Implication: accelerator_barrier() is not an unconditional correctness guarantee on all production systems. Application-level verification (double-run, checksums) is necessary as a second line of defence.
The Double-Wait Pattern in Practice
The double-wait is a pragmatic workaround when premature return is suspected but not yet confirmed. It adds latency but does not change correctness if the barrier is working properly, so it is safe to enable in production:
#ifdef WORKAROUND_PREMATURE_BARRIER
#define accelerator_barrier() do { \
real_accelerator_barrier(); \
real_accelerator_barrier(); \
} while(0)
#endif
Monitor whether this changes observed behaviour. If double-wait eliminates wrong answers, you have confirmed premature return. If it does not help but inserting a no-op kernel does, the issue is with the wait primitive specifically, not with the underlying completion signal.
SYCL/Level Zero Specifics
Level Zero (the backend for Intel GPU runtimes) separates command submission from synchronisation. A q.wait() should wait for all previously submitted command lists to retire. Documented bugs include:
q.wait()returning before the associated fence in Level Zero has been signalled.q.wait()entering anioctl(i915, I915_GEM_WAIT)call that never returns (kernel driver bug, not runtime bug).

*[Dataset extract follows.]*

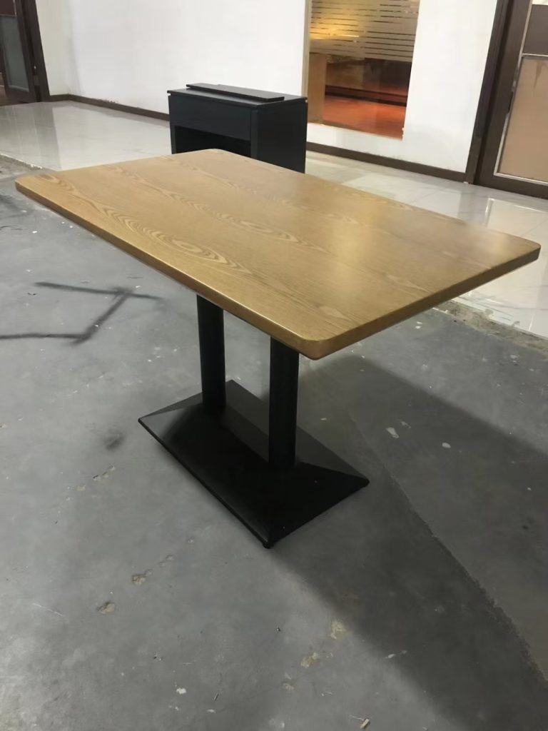 This product is a plywood pasted solid wood veneer imitation solid wood dining table, which highly restores the texture and touch of solid wood. It supports customization of various solid wood grains, colors and sizes, with high cost performance. It is suitable for daily dining scenarios of various chain catering brands, and is an optimal dining table that combines beauty, practicality and cost.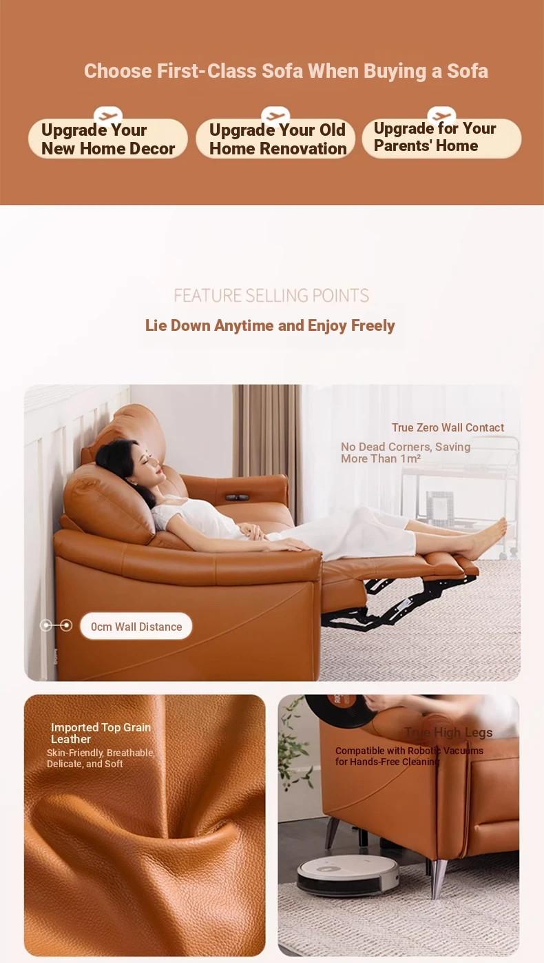 [Zero Wall-Sweeper] 85.43in Chixia Orange-Small Three-person Double Electric

The latter requires a node reboot and cannot be worked around in application code. Detect it by checking process state (D in ps aux) and the kernel function via /proc/PID/wchan.
Stream Ordering and Compute Streams
All GPU work must be submitted to the same stream/queue if you rely on in-order execution guarantees. Mixing default stream and non-default streams invalidates ordering assumptions on some backends.
Grid uses computeStream (CUDA/HIP) or theGridAccelerator (SYCL) consistently throughout. If mixing Grid with third-party GPU code, ensure the third-party code is directed to the same stream, or insert explicit inter-stream barriers.
Checklist for New GPU Code
- Every kernel launch is followed by an
accelerator_barrier()before reading device-side output on the host. - All device-to-host copies use an explicit stream synchronisation after the copy, not before.
- If results are non-deterministic across runs, insert a second barrier and observe whether reproducibility improves.
- For correctness-critical operations (reductions that will be compared against reference values), add the double-run checksum test from
correctness-verification.md. - If the process hangs at 100% CPU in a runtime library function, this is a driver/runtime bug — there is no application-level fix beyond scheduling a node reboot.